Contents:
- 1. Tables
- 2. Introduction
- 3. Approach Used
- 4. Definitions Used
- 5. Analogue-Born content problems
- 6. Born-Digital Content Problems
- 6.1 Digital video tapes problems
- 6.2 Other digital carriers problems
- 6.3 Digital video transmission problems
- 6.4 Digital video files problems
- 7. System problems and mitigation procedures
- 7.1 System risks
- 7.2 Mitigation procedures
- 8. Conclusions
- 9. Glossary
This report describes a variety of ways that things that can go wrong with digital audiovisual material managed and accessed in a digital repository. It presents evidence collected on various kinds of damage and describes the impact on the material’s visual and aural properties such damage can have. After an introduction to the DAVID project in section two, section three goes on to describe the approach used for obtaining information related to data damage in the audiovisual domain. Section four presents some definitions for clarity. Section five describes the problems that can be found in digital files that were created from analogue sources. Section six documents problems identified affecting born-digital content. Section seven addresses system-originated problems, and offers some procedures that may mitigate such problems. The conclusion follows in section eight.

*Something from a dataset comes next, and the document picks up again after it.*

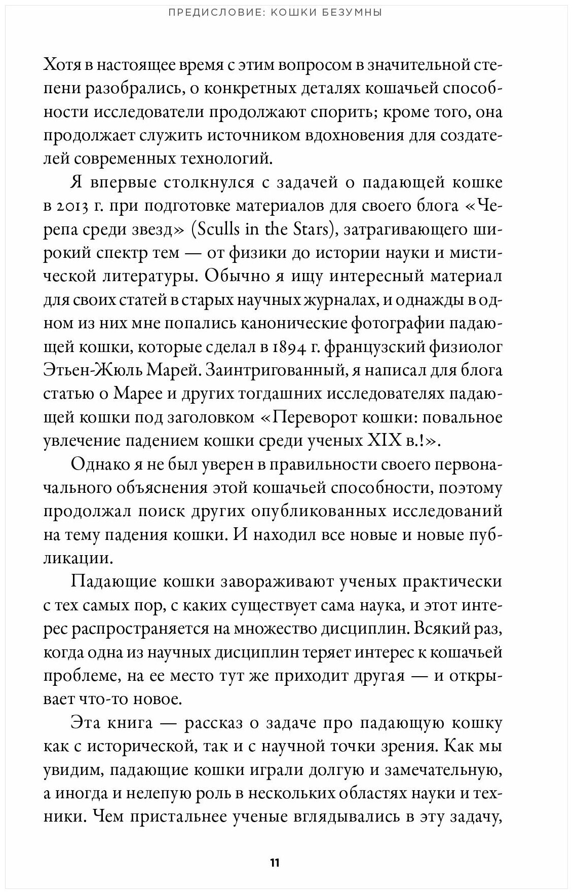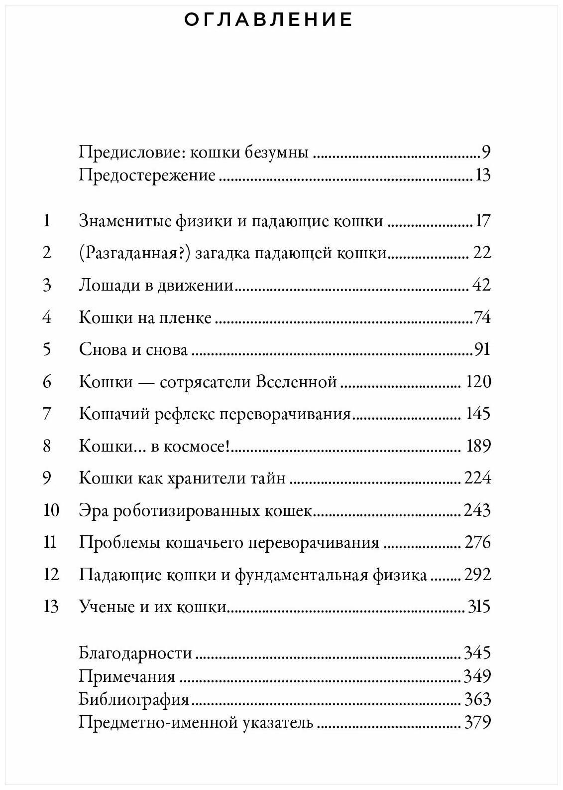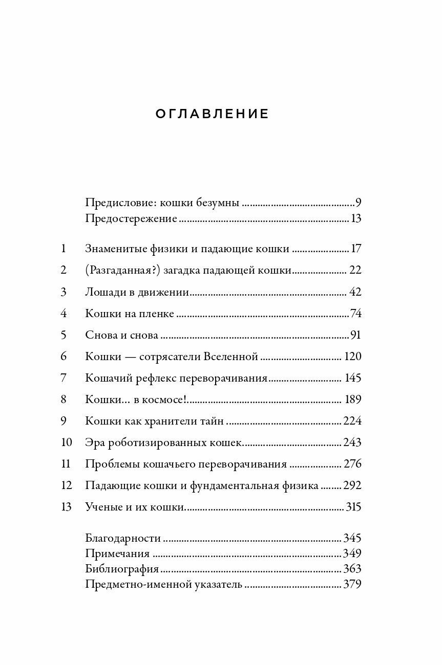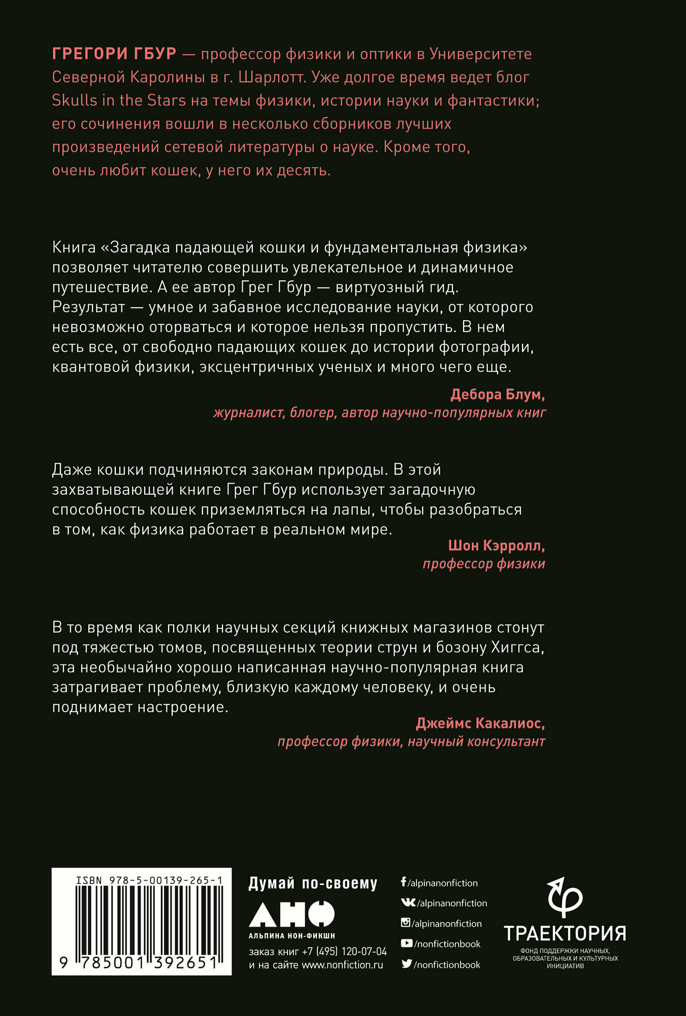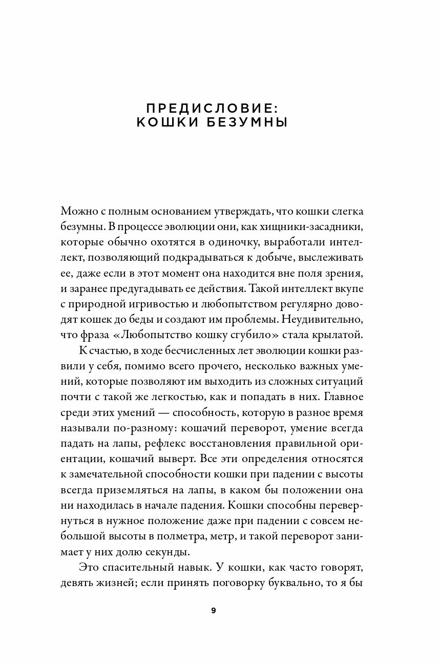 Как падающим кошкам всегда удается приземлиться на четыре лапы? Удивительно, сколько времени потребовалось ученым, чтобы ответить на этот вопрос! История изучения этой кошачьей способности почти ровесница самой физики — первая исследовательская работа на тему падающей кошки была опубликована в 1700 г. французом Антуаном Параном, но даже сегодня ученые продолжают находить в ней спорные моменты. В своей увлекательной и остроумной книге физик и заядлый кошатник Грегори Гбур показывает, как попытки понять механику падения кошек помогли разобраться в самых разных задачах в математике, физике, физиологии, неврологии и космической биологии, способствовали развитию фотографии и кинематографа и оказали влияние даже на робототехнику. Поиск ответа на загадку падающей кошки погружает читателей в увлекательный мир науки, из которого они узнают решение головоломки, но также обнаружат, что феномен кошачьего выверта по-прежнему вызывает горячие споры ученых. Автор убежден, что чем больше мы исследуем поведение этих животных, тем больше сюрпризов они нам преподносят.

This report can be used for a variety of purposes. The definiton section offers a handy classification system describing damage issues, failure modes and types of loss that could be useful for archives trying to structure and maintain a controlled vocabulary list of problems to be recorded. Besides offering a good overview of the development of digital video technology and digital video file problems (in particular inter-operability problems MXF can bring with it), it presents some different conclusions than those previously found in earlier research – for example, that although Bit Rot was acknowledged as a problem, it was considered as much less critical than System-level problems; and that the worst cases of trouble and data loss in the digital domain were actually not caused by the subsystems themselves, but by the assembly within complex systems of a large number of components, e.g. Media Assets Management (MAM) systems. The chapter offering mitigation solutions is particularly welcome. This report is important reading for staff tasked with risk assessment and mitigation.